We saw all these, and knew that the basis for the economic prosperity and advancement of Ghana existed, and existed in great abundance in our soil and in our people.

We saw, in addition to land literally flowing with milk and honey, a people whose moral qualities could make them the equals of the best in the world. To see embedded in the national character, an abhorrence of the disgraceful, the mean, the shoddy and the ungodly; to see this not only abhorred but regarded as taboo; to see in the national character a feeling that one would rather lose one's life than to be associated with a disgraceful act (Animguasee dee, fanyan Owuo!), is to see a people who are reaching out at the very pinnacle of moral excellence.

Add to this nobility of character the people's intolerance of dictatorial methods and their time proven ability to dare the devil, and it was easy to see a vision of a Ghana prosperous, a people virile and free, and soaring, like the eagle, to the greatest heights where the best among the comity of nations

Mr Chairman, distinguished Ladies and Gentlemen: We often say - often times we mean it - that it is good to be young. May I be allowed to say that it was good that some of us were old enough to see Ghana march gloriously with great promise and fanfare into the honourable and enviable position of an independent state on March 6, 1957, 28 years ago. It was a proud day for the people of Ghana.
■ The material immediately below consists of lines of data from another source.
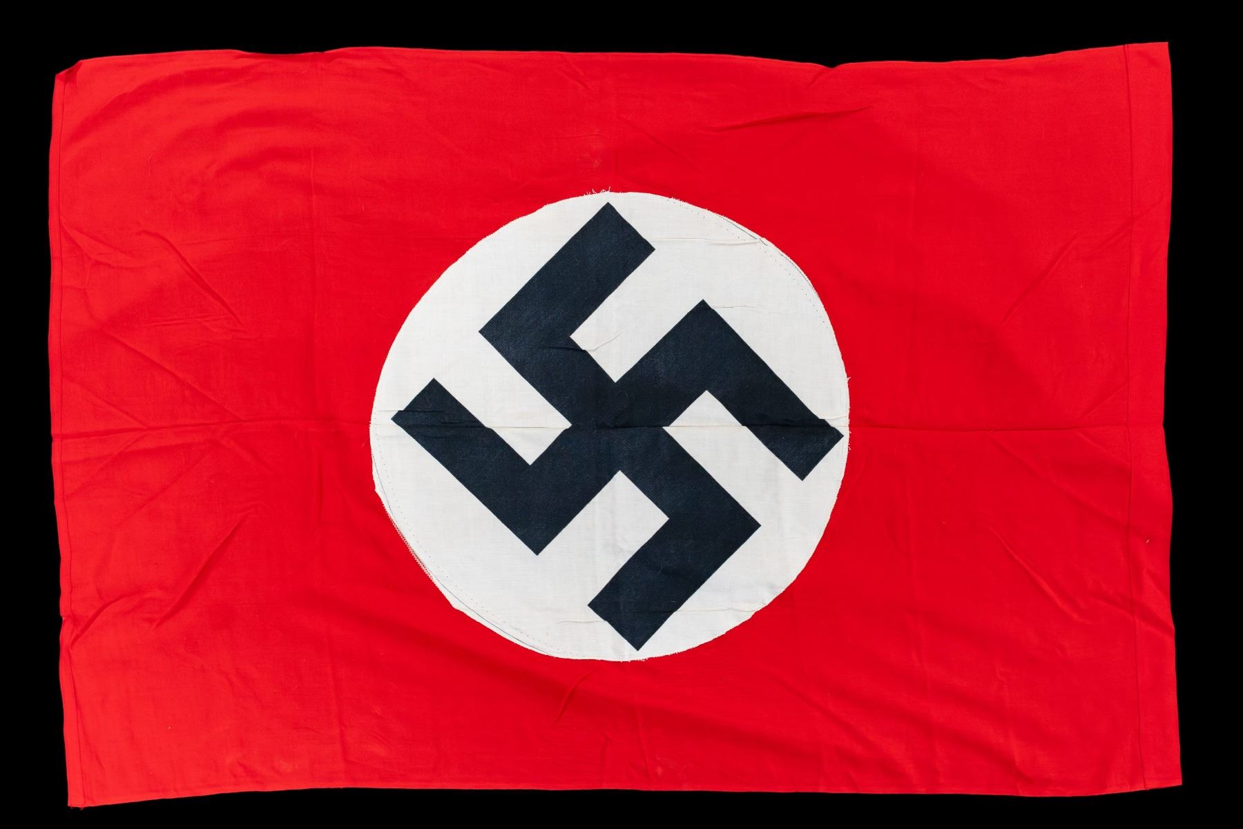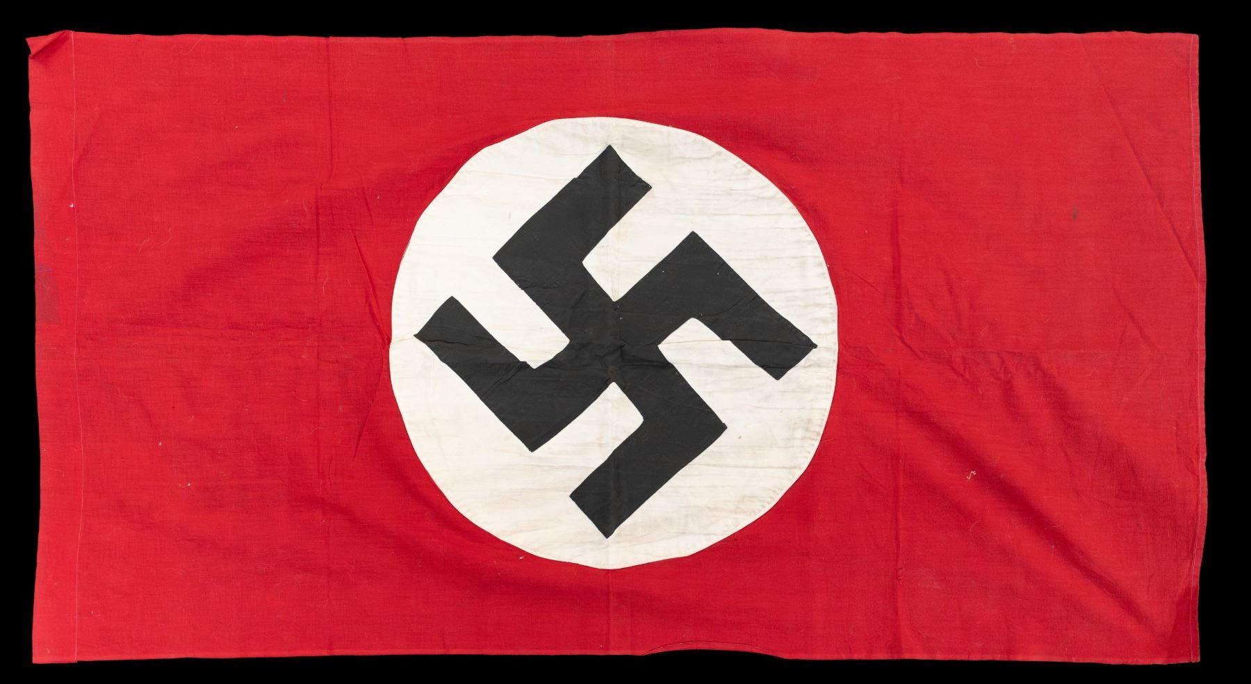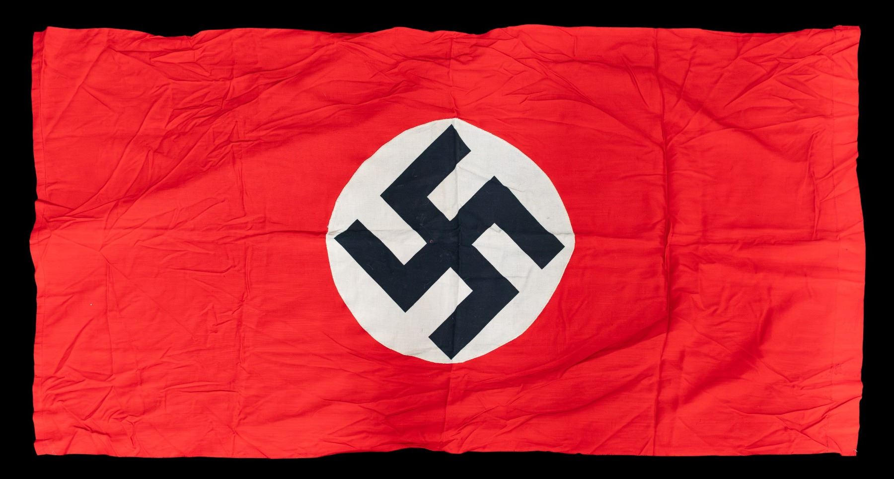 1) WWII German party flag measuring 51" x 27". 2) WWII German Party flag measuring 29 1/2" x 45 1/2". 3) WWII German Party flag measuring 29" x 57". WWII German Party banner measuring 79" x 37 1/2". CONDITION: all flags and banners show light wear. (02-25437/BF). NON-GUN. $500-750.
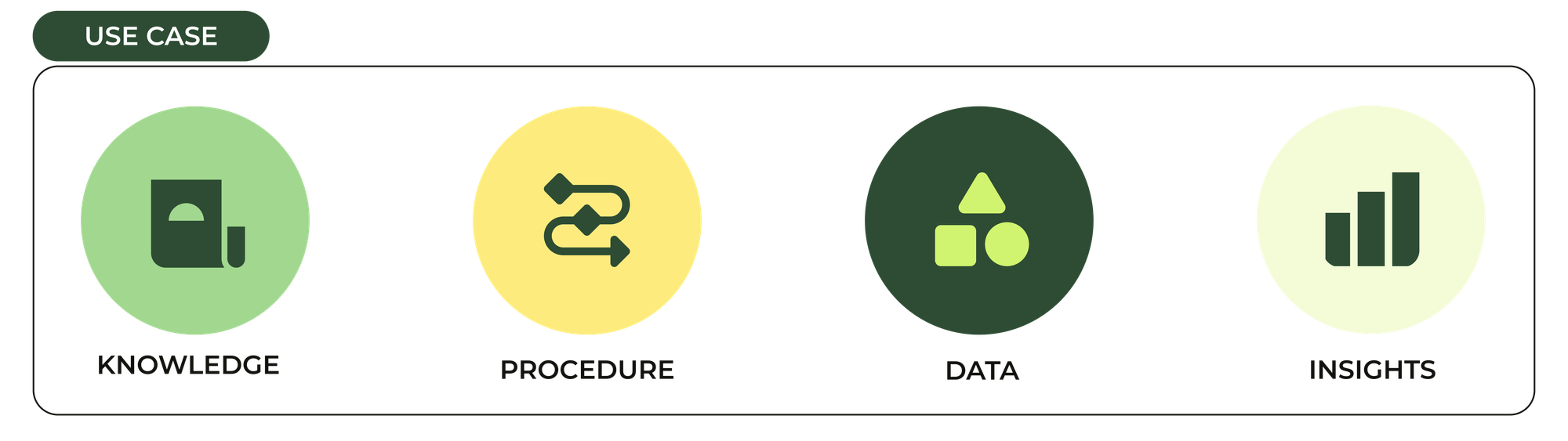 That's where use cases come into play. For each intent we need to decide how we are going to resolve that question. As we noted earlier, that can be done by any combination of four elements: knowledge, procedures, data, and insights.
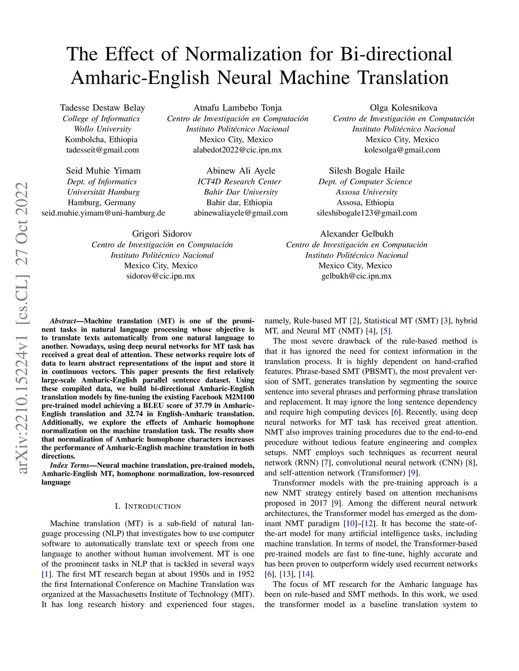 The Effect of Normalization for Bi-directional Amharic-English Neural
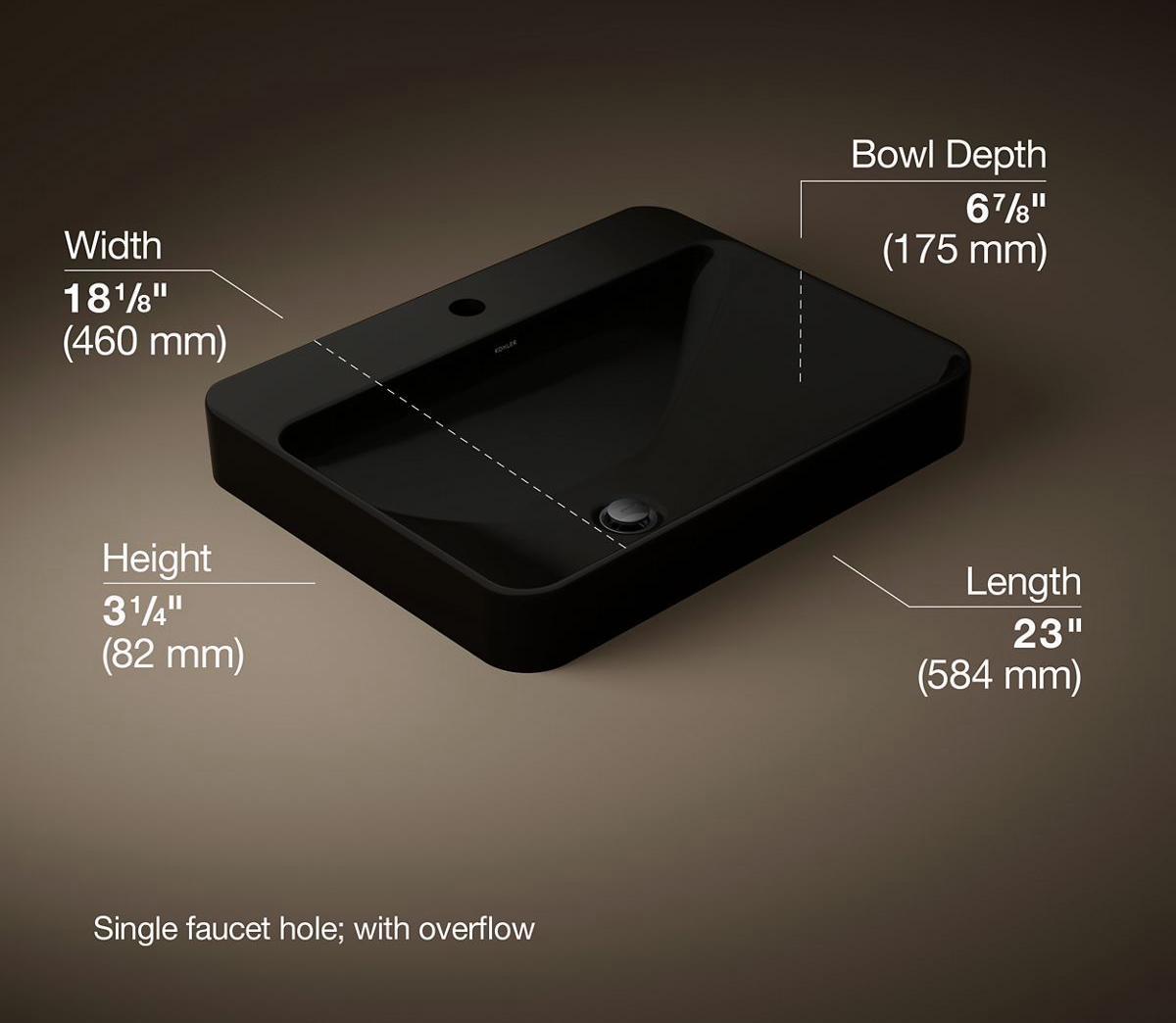 - 23" (584 mm) x 18-1/8" (460 mm)

Unfortunately, the occasion and event of independence are unrepeatable.

Dr Kwame Nkrumah the leader of the Convention People's Party and the Prime Minister, stood on a platform specially erected in a public square and to the crowd and to all the corners of the whole world.

"Today, Ghana is free for ever". Dr Nkrumah placed special emphasis on the words "for ever". We were all happy that our long struggle had borne fruit in our time. For several days, in the cities and villages, the people of Ghana celebrated the independence of Ghana, Ghana's freedom from the rule of dominion of the British who had ruled our land for more than 100 years. We were from that date, March 6, 1957 forward, no longer to be ruled by the British, and were from that date independent, we hoped, of any other foreign rule.
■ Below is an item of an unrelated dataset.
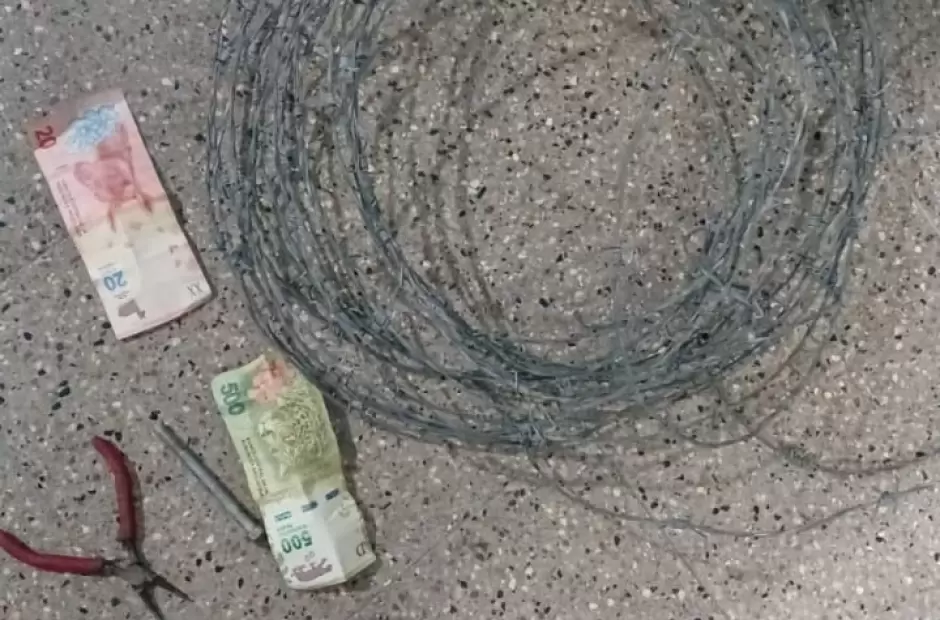 Tras aprehenderlo, se le secuestro un rollo de alambre de púa el cual habría sustraido del mismo domicilio, un teléfono celular marca Motorola modelo E 40, una pinsa punta fina con su mango de color rojo, $520 en efectivo y por último un tornillo exagonal de aproximadamente 10cm.
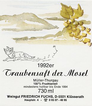 1992 Three identical wine labels "1992er Traubensaft der Mosel, Müller-Thurgau." From the vineyards of Friedrich Fuchs in Klüsserath. Gift of Friedrich Fuchs.

Many of our Presbyterian Christian elders, Akans, Gas and Ewes sang or recited proudly and gloriously the words of verse 2 of the Twi Hymn No. 51, of the Ga Hymn No. 50 and of the Ewe Hymn No. 70.

The Twi - Nea tetefo hwehwe, Nea won nyinaa'ra pee, Nea won anigyinae, Enna anya aba yi.

The GaNoni blematsemei le, Feo da ke hietsre le, Noni amegba le hu, No wohereo atu.

The English - I offer you a free translation of this verse of the hymn: "What our forefathers searched for and looked forward anxiously to see, What all of them strongly desired, What they missed terribly, has now been made possible and we of this generation now have it before us to behold as a living reality".

Legal independence had been achieved. The stage was set to transform our vision into reality. What has become of that vision in twenty- eight years of independence?